The ABCA1 domain responsible for interaction with HIV-1 Nef is conformational and not linear

Abstract

HIV-1 Nef is an accessory protein responsible for inactivation of a number of host cell proteins essential for anti-viral immune responses. In most cases, Nef binds to the target protein and directs it to a degradation pathway. Our previous studies demonstrated that Nef impairs activity of the cellular cholesterol transporter, ABCA1, and that Nef interacts with ABCA1. Mutation of the (2226)DDDHLK motif in the C-terminal cytoplasmic tail of ABCA1 disrupted interaction with Nef. Here, we tested Nef interaction with the ABCA1 C-terminal cytoplasmic fragment using yeast 2-hybrid system assay and co-immunoprecipitation analysis in human cells. Surprisingly, analysis in a yeast 2-hybrid system did not reveal any interaction between Nef and the C-terminal cytoplasmic fragment of ABCA1. Using co-immunoprecipitation from HEK 293T cells expressing these polypeptides, only a very weak interaction could be detected. The (2226)DDDHLK motif in the C-terminal cytoplasmic tail of ABCA1 found previously to be essential for interaction between ABCA1 and Nef is insufficient to bestow strong binding to Nef. Molecular modeling suggested that interaction with Nef may be mediated by a conformational epitope composed of the sequences within the cytoplasmic loop of ABCA1 and the C-terminal cytoplasmic domain. Studies are now underway to characterize this epitope.
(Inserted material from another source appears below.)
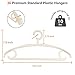 👚 DURABLE PLASTIC HANGERS: Reinforced plastic edges add durability to hang lightweight clothes like shirts, dresses and pants. White, clean design won't stain or have burrs or flash, 16” x 10” x 1/4" for adult-size clothing. Hook for convenient tie and accessory hanging.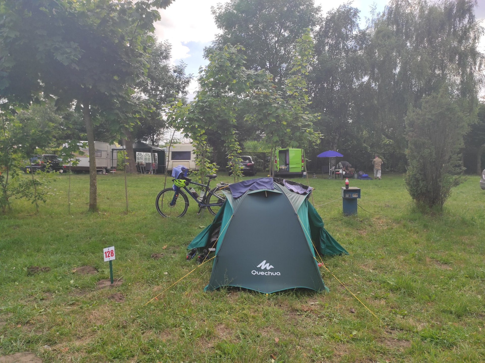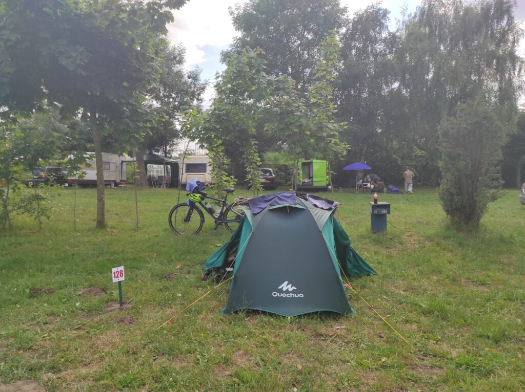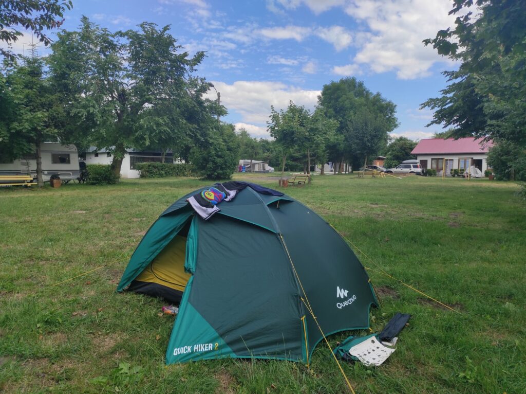 Tymczasem na kempingu głośna muzyka. To dzieci w ośrodku obok mają w niedzielę dyskotekę. Ciekaw byłem, kiedy skończą zabawę? O 21:30. I już myślałem o położeniu się w namiocie, gdy z oddali na cały regulator zaczął się koncert. Strasznie głośny. Gdy muzyka ucichła koło 23, włączyli się sąsiedzi blisko mojego namiotu. I dawaj z głośnika bluetooth puszczać jakieś badziewie. Byłem już tak padnięty, że zasnąłem. Obudziłem się w nocy słysząc deszcz, a właściwie ulewę. Zasnąłem. Miałem nadzieję, że rano już słońce namiot wysuszy…

Keywords: ABCA1; Co-immunoprecipitation; HIV-1; Interaction; Molecular modeling; Nef; Yeast 2-hybrid.

Figure 1. Analysis of Nef-ABCA1 interaction using yeast 2-hybrid system. Figure 1. Analysis of Nef-ABCA1 interaction using yeast two-hybrid system

A - Western blot analysis using anti-cMyc antibody of yeast lysates from strain Y187 transformed with pGBKT7 expressing the GAL4 DNA-binding domain (BD) alone (lane 1) or fused to Nef (lane 2) or to the D2′ domain of ABCA1 (lane 3). B - Western blot analysis using anti-HA antibody of yeast lysates from strain AH109 transformed with pACT2 expressing the GAL4 activation domain (AD) alone (lane 1) or fused to Nef (lane 2) or to the D2′ domain of ABCA1 (lane 3). Arrows indicate the expected positions of fusion proteins. Positions of ladder marker proteins and their molecular weights in kDa are indicated in the left lanes of A and B. C - Yeast strains Y187 expressing BD or BD-Nef were mated with each of the AH109 strains expressing AD or AD-D2′ and grown on leucine- and tryptophan-deficient medium for 5 days for mating control. D – Yeast strains AH109 expressing AD or AD-Nef were mated with Y187 strains expressing BD or BD-D2′ and grown on leucine- and tryptophan-deficient medium for 5 days for mating control. E - Mated yeast from C were grown on leucine-, tryptophan- and histidine-deficient medium supplemented with 2.5 mM 3-aminotriazol for 7 days. F – Mated yeast from D were grown on leucine-, tryptophan- and histidine-deficient medium for 7 days. AH109 strain expressing AD-T (SV40) and Y187 strain expressing BD-p53 served as a positive control for mating (C, D) and interaction (E, F).

Figure 2. Analysis of Nef-ABCA1 interaction using co-immunoprecipitation

A - HEK 293T cells were transfected with vectors expressing Nef and either FLAG-tagged ABCA1, ABCA1 fragments D1 or D2, or Hcf1. Expression was tested in cell lysates with anti-FLAG or anti-Nef antibody. B – Transfected cells from A were lysed, immunoprecipitated with anti-FLAG beads, and proteins eluted with FLAG peptide were analyzed by Western blotting using anti-Nef antibody.

Figure 3. Model of the hypothetical ABCA1 – Nef complex

The model accounts for demonstrated interaction between ABCA1 and Nef [1], loss of this interaction when ²²²⁶DDDHLK is mutated [9], and weak interaction between cytoplasmic domains and Nef (this report) and can be used to discover other interaction interfaces. Yellow– ABCA1 D1 cytoplasmic domain (⁸⁹⁹Val - ¹¹²⁰Gln), cyan– ABCA1 D2 cytoplasmic domain (¹⁹⁰⁸Gln - ²²⁶¹Val), green – HIV-1 Nef. The D2 fragment ¹⁹⁰⁸Gln - ¹⁹²¹Tyr was deleted in the construct used for the 2-hybrid assay. The D1 fragment ¹⁰⁰⁹Lys-¹⁰²⁷Lys predicted to participate in the interaction with Nef, and the D2 motif ²²²⁶DDDHLK are shown in blue. Other color-coding: red – N-termini, black – C-termini of ABCA1 fragments.